### [Problem details]
Transcribe exactly the lines that fall between the one holding "MORCART Peel and" and the one holding "Dark berries on", inclusive, from the entries below.
-------- Supplied data
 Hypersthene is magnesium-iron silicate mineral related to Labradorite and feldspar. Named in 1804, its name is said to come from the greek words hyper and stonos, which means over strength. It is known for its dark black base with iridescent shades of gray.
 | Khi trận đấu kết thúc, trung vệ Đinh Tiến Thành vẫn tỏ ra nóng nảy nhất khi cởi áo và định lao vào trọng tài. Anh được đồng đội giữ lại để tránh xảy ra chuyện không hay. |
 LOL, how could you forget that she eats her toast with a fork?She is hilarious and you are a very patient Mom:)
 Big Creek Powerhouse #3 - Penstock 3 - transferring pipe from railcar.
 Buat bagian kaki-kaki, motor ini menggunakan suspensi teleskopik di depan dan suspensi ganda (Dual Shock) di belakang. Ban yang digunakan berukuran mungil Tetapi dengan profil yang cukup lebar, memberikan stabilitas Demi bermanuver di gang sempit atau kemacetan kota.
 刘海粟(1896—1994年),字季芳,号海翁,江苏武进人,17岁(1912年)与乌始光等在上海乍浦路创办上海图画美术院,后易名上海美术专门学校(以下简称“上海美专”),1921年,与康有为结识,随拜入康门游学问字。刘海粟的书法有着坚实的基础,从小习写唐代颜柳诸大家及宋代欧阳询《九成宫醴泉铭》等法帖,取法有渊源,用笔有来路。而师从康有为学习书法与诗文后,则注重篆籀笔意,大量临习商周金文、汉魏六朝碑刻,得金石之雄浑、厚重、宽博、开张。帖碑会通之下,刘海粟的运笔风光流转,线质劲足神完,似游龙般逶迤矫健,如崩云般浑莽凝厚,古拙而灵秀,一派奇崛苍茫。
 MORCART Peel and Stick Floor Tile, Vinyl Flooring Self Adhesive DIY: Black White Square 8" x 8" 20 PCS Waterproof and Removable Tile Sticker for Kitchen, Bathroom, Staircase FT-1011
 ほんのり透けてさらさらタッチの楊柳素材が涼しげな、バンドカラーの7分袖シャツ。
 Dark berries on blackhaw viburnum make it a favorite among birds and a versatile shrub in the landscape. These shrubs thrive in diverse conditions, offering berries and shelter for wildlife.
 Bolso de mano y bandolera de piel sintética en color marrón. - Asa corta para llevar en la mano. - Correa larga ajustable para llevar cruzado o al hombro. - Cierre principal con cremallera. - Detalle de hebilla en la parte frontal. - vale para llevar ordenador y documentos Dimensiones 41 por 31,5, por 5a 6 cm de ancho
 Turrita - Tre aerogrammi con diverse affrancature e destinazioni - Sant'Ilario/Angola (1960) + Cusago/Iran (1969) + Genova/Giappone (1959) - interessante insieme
----------------
-------- Supplied data
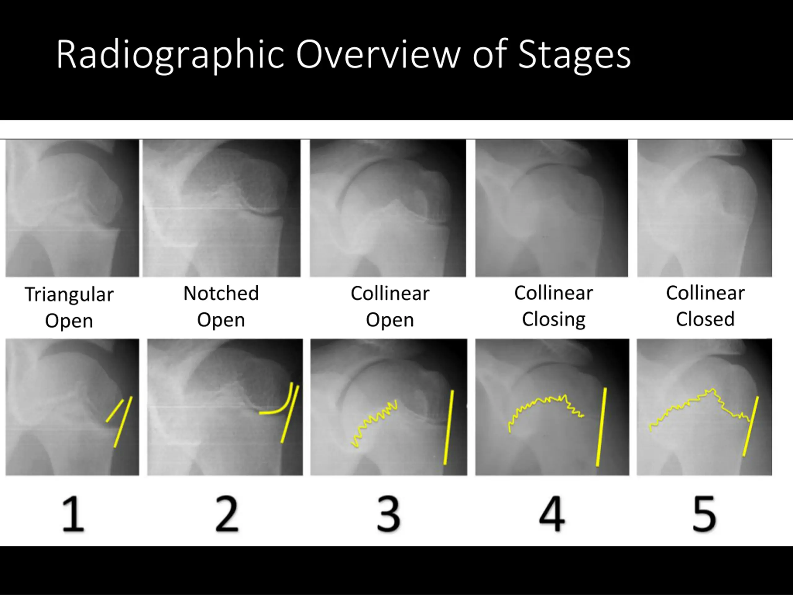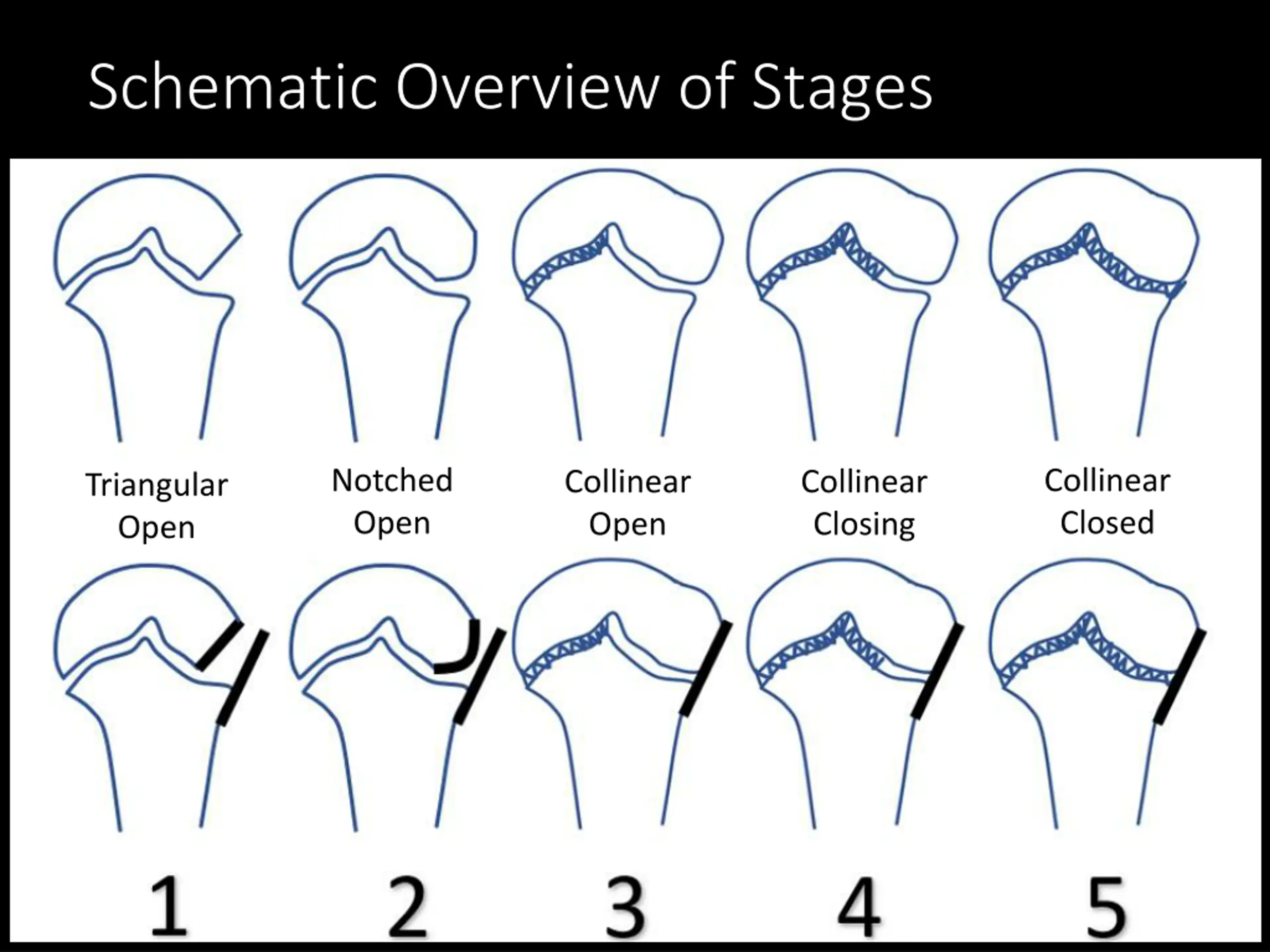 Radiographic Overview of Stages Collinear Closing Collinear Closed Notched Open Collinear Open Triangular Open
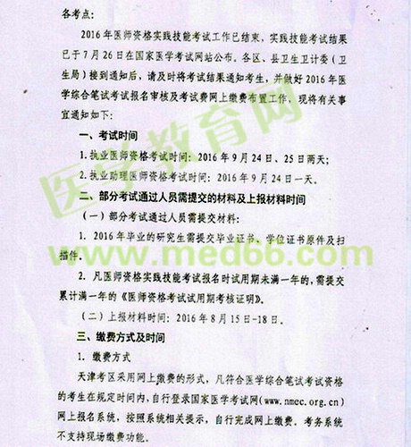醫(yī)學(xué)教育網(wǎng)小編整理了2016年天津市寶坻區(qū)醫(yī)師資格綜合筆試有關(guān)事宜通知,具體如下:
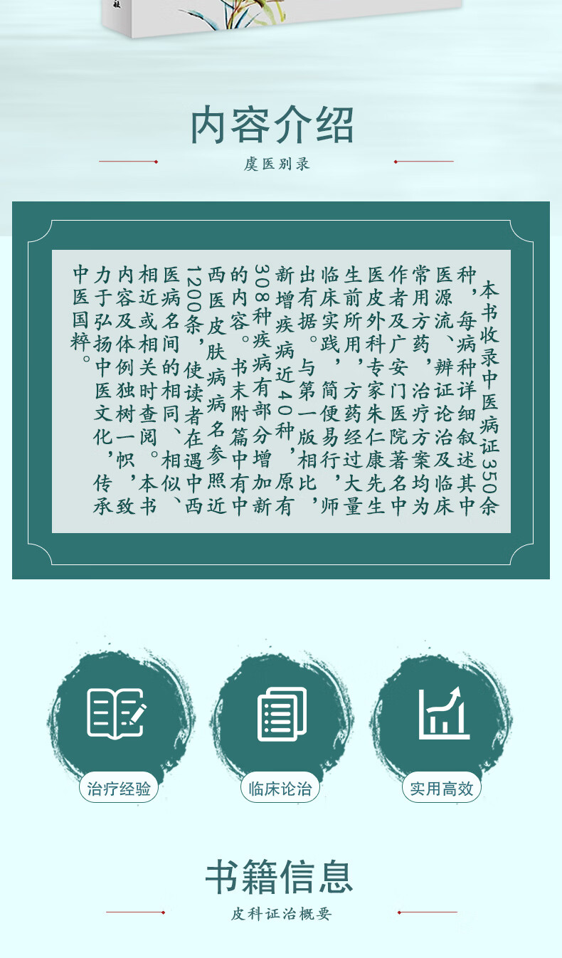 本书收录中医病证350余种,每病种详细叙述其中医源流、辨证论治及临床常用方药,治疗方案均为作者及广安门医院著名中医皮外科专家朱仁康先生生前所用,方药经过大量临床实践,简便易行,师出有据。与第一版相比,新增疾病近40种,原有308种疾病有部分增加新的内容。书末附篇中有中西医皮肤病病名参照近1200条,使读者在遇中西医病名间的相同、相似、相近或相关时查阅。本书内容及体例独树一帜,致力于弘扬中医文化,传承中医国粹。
----------------
### [Answer to this task]
 MORCART Peel and Stick Floor Tile, Vinyl Flooring Self Adhesive DIY: Black White Square 8" x 8" 20 PCS Waterproof and Removable Tile Sticker for Kitchen, Bathroom, Staircase FT-1011
 ほんのり透けてさらさらタッチの楊柳素材が涼しげな、バンドカラーの7分袖シャツ。
 Dark berries on blackhaw viburnum make it a favorite among birds and a versatile shrub in the landscape. These shrubs thrive in diverse conditions, offering berries and shelter for wildlife.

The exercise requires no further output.